Авторы очерков-некрологов должны были вспомнить и о прочих важнейших составляющих творческого потенциала этого, несомненно, выдающегося человека: о партийности, «гражданской позиции» и общественной деятельности Глеба Сергеевича. И здесь во мнениях неутешных коллег обнаруживаются примечательные расхождения.
Л.С. Клейн вспоминает: «Одним из первых Лебедев разорвал сои партийный билет… Этот запал он пронес сквозь всю свою жизнь и уже в конце ее, в 2000 г., чрезвычайно больной (у него был вырезан желудок и выпали все зубы), профессор Лебедев возглавил комиссию петербургского Союза ученых, ведущую несколько лет борьбу против пресловутого засилья большевистских ретроградов и псевдопатриотов на историческом факультете и против декана Фроянова – борьбу, завершившуюся победой несколько лет тому назад» (Клейн 2009: 268).

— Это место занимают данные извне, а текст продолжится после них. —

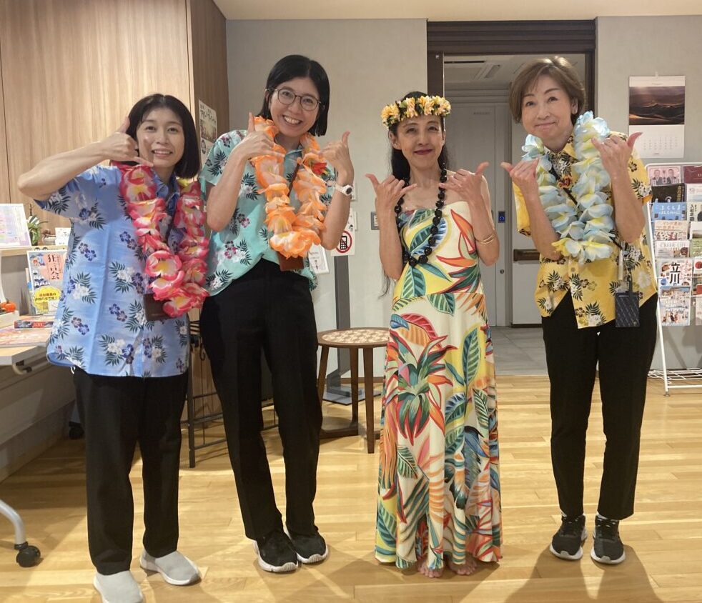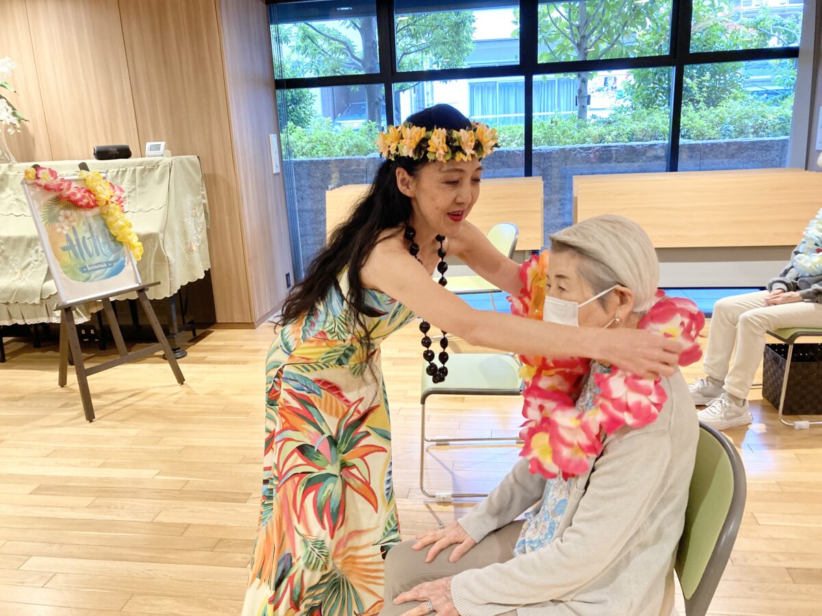 ハワイアンステップやハワイの言葉、フラのハンドモーション(手話)を教えていただきながら、体を動かします。最後はハワイアンミュージック「月の夜は」を全員で踊りながら、声を合わせて歌いました♬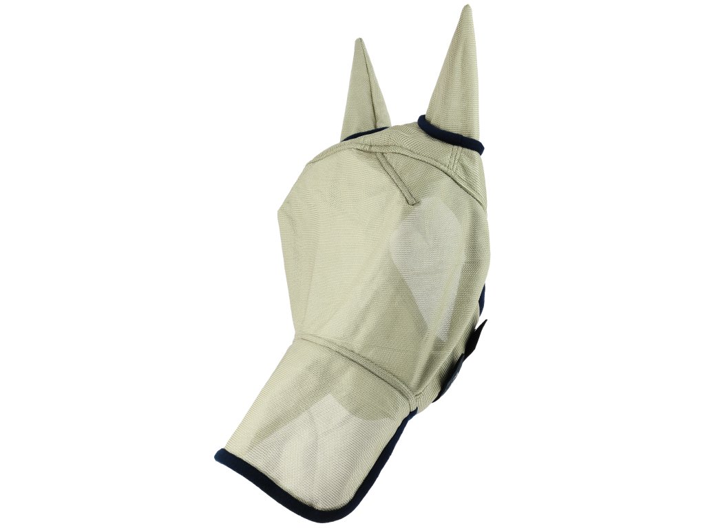 Model je vybaven integrovanými ušima, otvorem pro hřívu a ochranou nozder, která pomáhá chránit koně před hmyzem i sluncem. Okraje jsou zakončeny měkkým fleecovým lemem pro větší komfort. Elastický pásek v oblasti nátylníku pomáhá zajistit stabilní usazení masky na hlavě koně.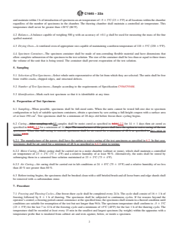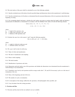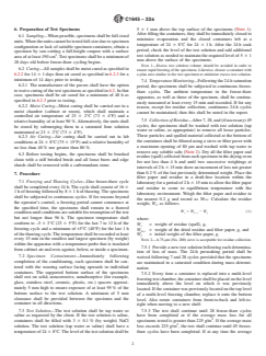 - Reporting Requirements: Includes comprehensive documentation of sample identification, curing history, cycle count, mass loss, surface damage, and test deviations.

Рвать партбилет, который уже стал не более чем реликвией, или не рвать – личный выбор каждого: одни порвали, другие хранили. Ну а когда партбилет был еще объективной реальностью – тем более для секретаря партбюро истфака? С.Л. Кузьмин уверен: «Г.С. Лебедев никогда не был ни диссидентом, ни антисоветчиком, хотя приверженность “норманизму” была для него формой неосознанного фрондирования с режимом, а ретивыми его служителями именно так и расценивалась. Другое дело, что Лебедев болезненно воспринимал невозможность прямого общения с зарубежными коллегами, невозможность воочию видеть материалы и памятники, которые он знал не хуже их, но только по публикациям» (Кузьмин 2004: 24). Снова «неосознанное фрондирование» – любимое определение позиции доблестных интеллигентов в 1970-80-е гг. post factum. А проще говоря, Глеб Сергеевич, как и сотни тысяч его сотоварищей по «образованному классу» позднего СССР, был крайне недоволен невозможностью свободно посещать зарубежные страны. Это понятно. Непонятно другое: как можно такую позицию признавать «неосознанным фрондированием» и отрицать антисоветские настроения, коль скоро взрослый человек, историк и археолог, вполне должен осознавать, чем именно его не устраивает та самая власть, которая препятствует ему самовыражаться в общении с зарубежными коллегами? И – зачем?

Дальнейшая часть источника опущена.